RUN julia -e 'using Pkg; Pkg.add("AWSClusterManagers")'
COPY demo.jl .

CMD ["julia demo.jl"]

Now build the docker file with:

docker build -t 000000000000.dkr.ecr.us-east-1.amazonaws.com/demo:latest .

Pushing to ECR

Now we want to get our docker image on ECR. Start by logging into the ECR service (this assumes your have awscli configured with the correct permissions):

$(aws ecr get-login --region us-east-1)

Now you should be able to push the image to ECR:

docker push 000000000000.dkr.ecr.us-east-1.amazonaws.com/demo:latest

Registering a Job Definition

Let's register a job definition now.

NOTE: Registering a batch job requires the ECR image (see above) and an IAM role to apply to the job. The AWSBatchManager requires that the IAM role have access to the following operations:

  • batch:SubmitJob
  • batch:DescribeJobs
  • batch:DescribeJobDefinitions

Example)

aws batch register-job-definition --job-definition-name aws-batch-demo --type container --container-properties '
{
    "image": "000000000000.dkr.ecr.us-east-1.amazonaws.com/demo:latest",
    "vcpus": 1,
    "memory": 1024,
    "jobRoleArn": "arn:aws:iam::000000000000:role/AWSBatchClusterManagerJobRole",
    "command": ["julia", "demo.jl"]
}'

NOTE: A job definition only needs to be registered once and can be re-used for multiple job submissions.

Submitting Jobs

Once the job definition has been registered we can then run the AWS Batch job. In order to run a job you'll need to setup a compute environment with an associated a job queue:

aws batch submit-job --job-name aws-batch-demo --job-definition aws-batch-demo --job-queue aws-batch-queue

Running AWSBatchManager Locally

While it is generally preferable to run the AWSBatchManager as a batch job, it can also be run locally.

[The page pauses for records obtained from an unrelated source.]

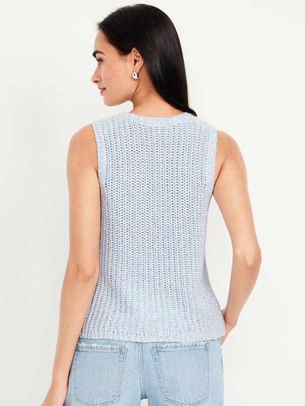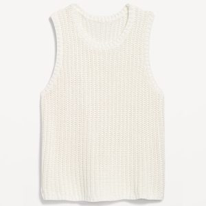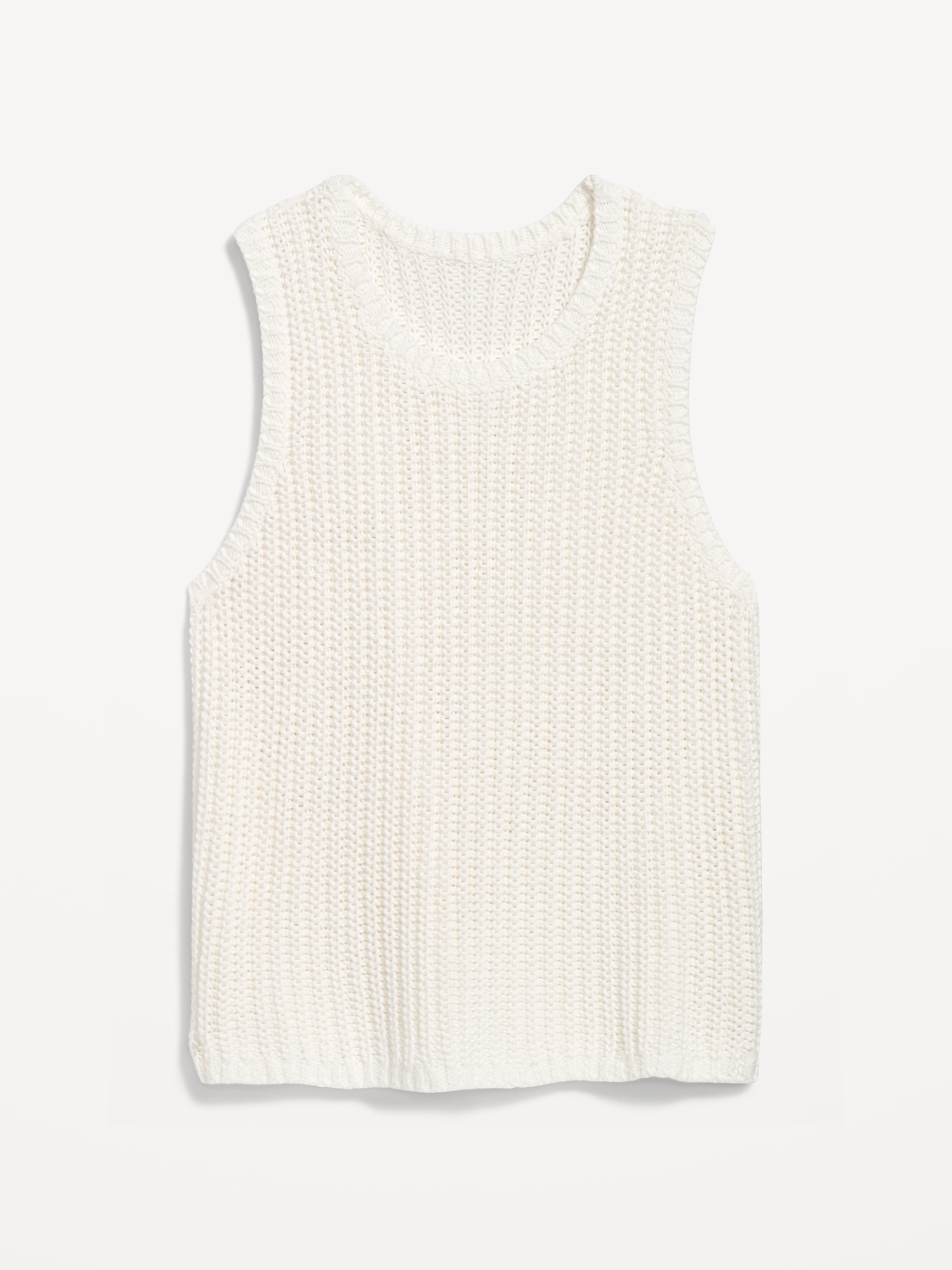 Sleeveless Open-Stitch Sweater: crew neck, sleeveless, pullover style, #664151
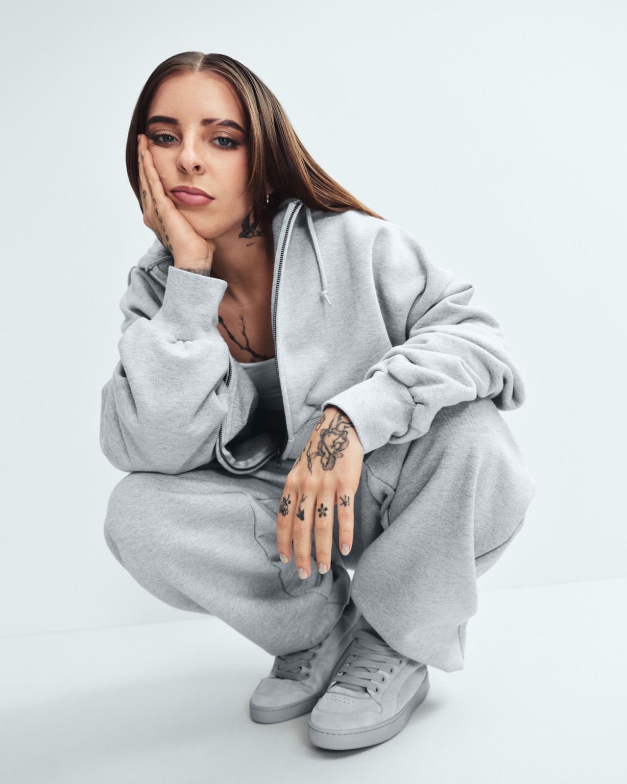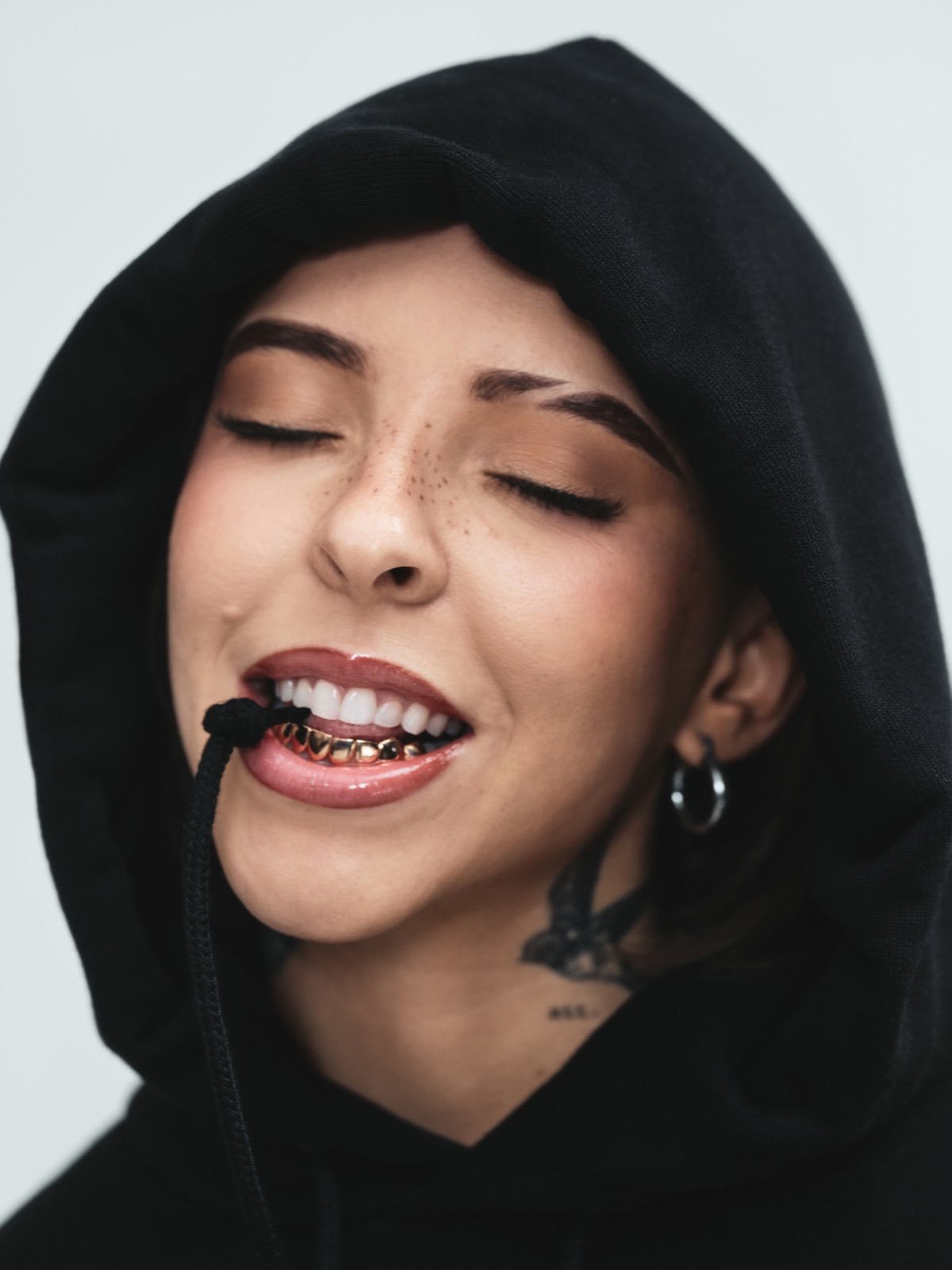 Le détail qui mord, c’est ce sweat tiré juste assez, ces tattoos qui coupent la douceur grise et ce sourire à grillz qui sabote toute idée de sage jogging.
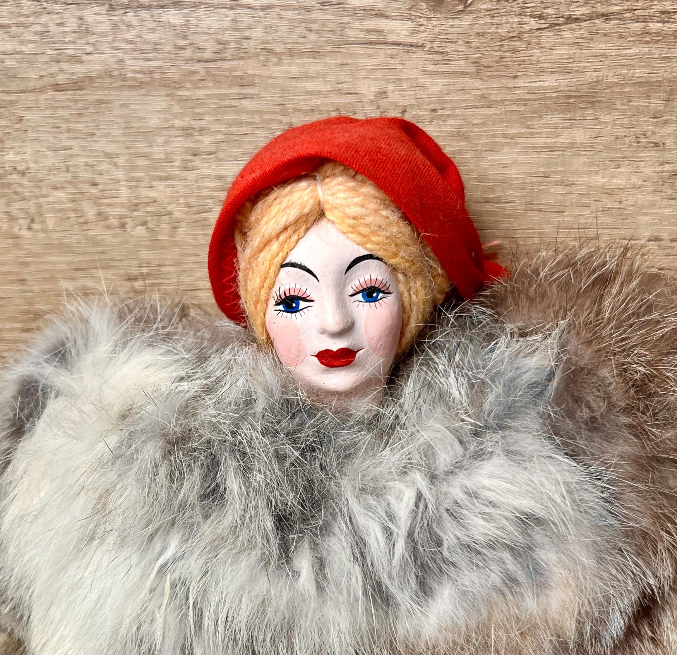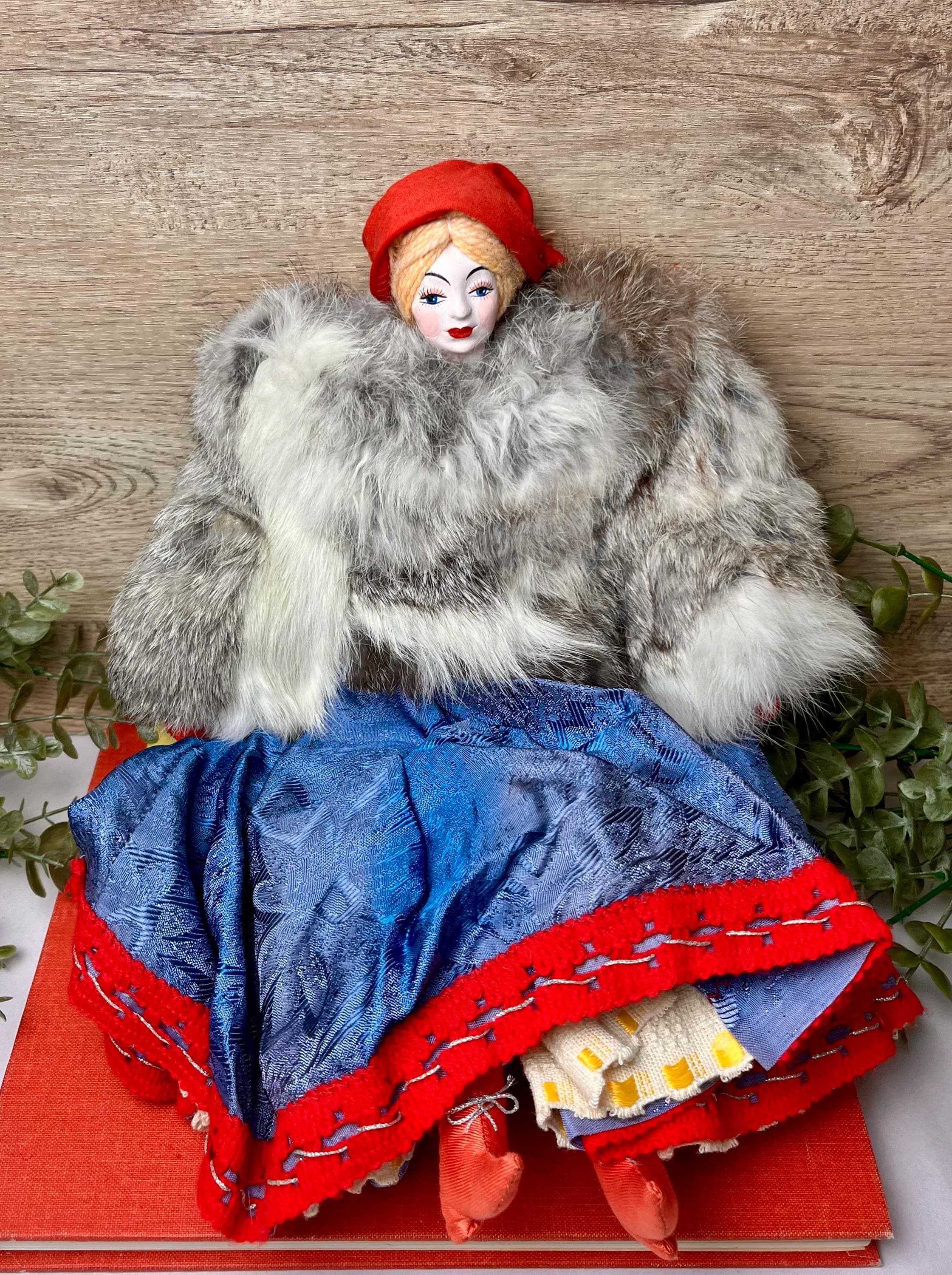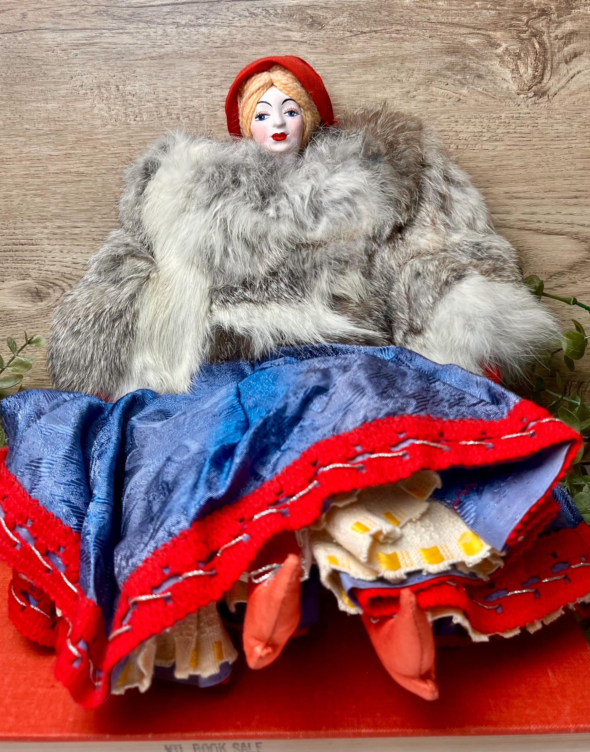 This striking vintage Russian folk doll is dressed in a traditional winter outfit, complete with a luxurious faux fur coat, vibrant red headscarf, and richly layered skirt. Her hand-painted face with bold red lips and rosy cheeks captures classic Eastern European folk style.
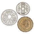Patterns, 2 and 20 kr 1986, GP 34b,g, GP 37a,d, as well as 5 kr 1994 error coin with misplaced hole, in total 3 pcs
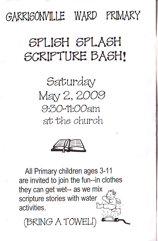 Another ward held a “Splish Splash Scripture Bash”. I stole a flyer because it sounded like so much fun and tried to get more information, but this was all I could get…. It sounds like it was great fun. Everyone ages 3-11 was invited.
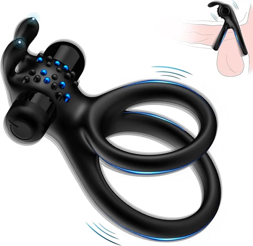 Dual Vibrating Cock Penis Ring Vibrators with Rabbit Ears, COC Rings Male Men En
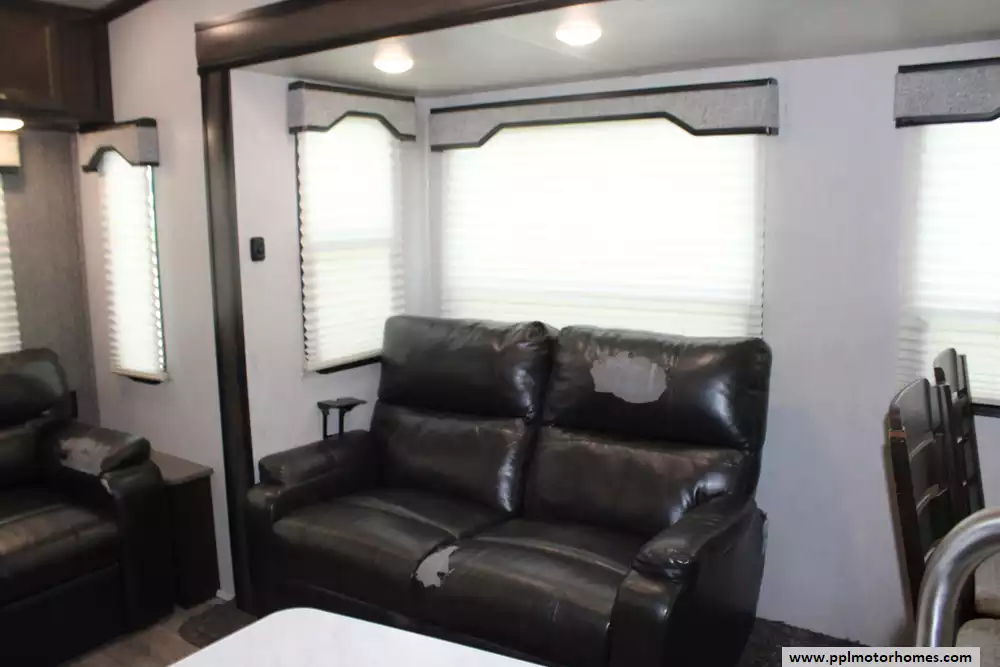 This 2019 Pioneer by Heartland 290 is a well-balanced mid-sized fifth wheel: comfortable living with 3 slideouts, ample tank capacity, and a residential-style layout ideal for couples or small families. Features Include...Electric Landing Gear, 3 Slide-outs, 1 Non-Ducted And 1 Ducted Air Conditioner, Double Door 110v Refrigerator, Automatic Main Awning, Outside Speakers, TV, Outdoor Kitchen, Outside Shower, Fireplace, Microwave, 3 Burner Range, and Oven.

In this case, worker batch jobs would be submitted from your local machine and would need to connect back to your machine from Amazon's network. Unfortunately, this may result in networking bottlenecks if you're transferring large amounts of data between the manager (you local machine) and the workers (batch jobs).

Batch Workers

As with the previous workflow, the client machine on the left begins by pushing a docker image to ECR (so the workers have access to the same code) and registers a job definition (if one doesn't already exist). The client machine then runs julia demo.jl as the cluster manager which immediately submits 4 batch jobs (JobIDs: 4636723, 3957289, 8650218 and 7931648) to function as its workers. The client machine waits for the worker machines to come online. Once the workers are available the remainder of the script sees them as ordinary julia worker processes (identified by the integer pid values shown in parentheses) for the remainder of the program execution.

NOTE: Since the AWSBatchManager is not being run from within a batch job we need to give it some extra parameters when we create it.

mgr = AWSBatchManager(
    4,
    definition="aws-batch-worker",
    name="aws-batch-worker",
    queue="aws-batch-queue",
    region="us-west-1",
    timeout=5
)